Many experimental social psychologists prefer to ignore evidence that their research practices are flawed and published results are not credible. For example, Bargh did not mention actual replication failures of his work in his book, nor did he mention that Noble Laureate Daniel Kahneman wrote him a letter in which he described Bargh’s work as “the poster child for doubts about the integrity of psychological research.” Several years later, it is fair to say that evidence is accumulating that experimental social psychology lacks scientific integrity. It is often said that science is self-correcting. Given the lack of self-correction by experimental social psychologists, it logically follows that it is not a science; at least it doesn’t behave like one.
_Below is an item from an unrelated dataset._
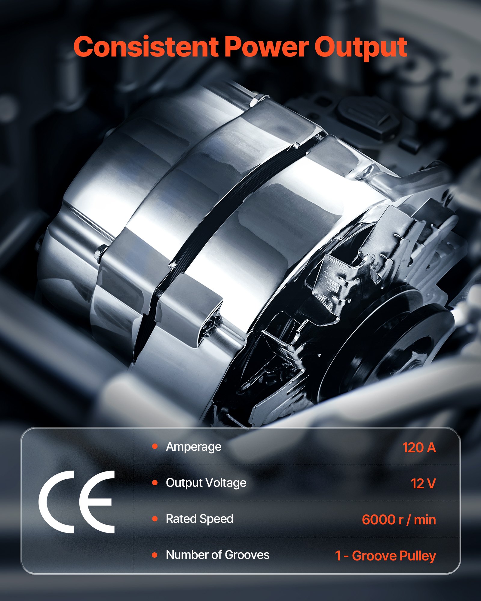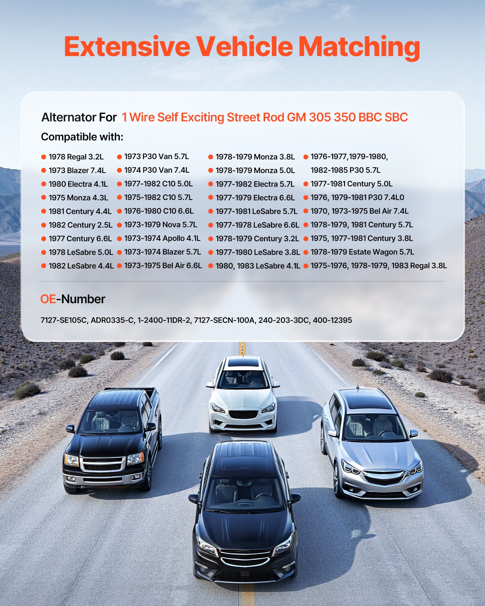 VEVOR automobilski alternator 7127-SE105C, za 1-žični samopobudni Street Rod GM 305 350 BBC SBC, 1973.-1974. Apollo 4.1L, 1982. Century 2.5L, zamjenski automobilski alternator 1-2400-11DR-2, 7127-SECN-100A

I doubt that members of the Society for Experimental Social Psychology (SESP) will respond to this new information any differently from the way they responded to criticism of the field in the past seven years; that is, with denial, name calling (“Shameless Little Bullies”, “Method Terrorists”, “Human Scum”), or threats of legal actions. In my opinion, the biggest failure of SESP is not the way its members conducted research in the past, but their response to valid scientific criticism of their work. As Karl Popper pointed out “True ignorance is not the absence of knowledge, but the refusal to acquire it.” Ironically, the unwillingness of experimental social psychologists to acquire inconvenient self-knowledge provides some of the strongest evidence for biases and motivated reasoning in human information processing. If only these biases could be studied in BS experiments with experimental social psychologists as participants.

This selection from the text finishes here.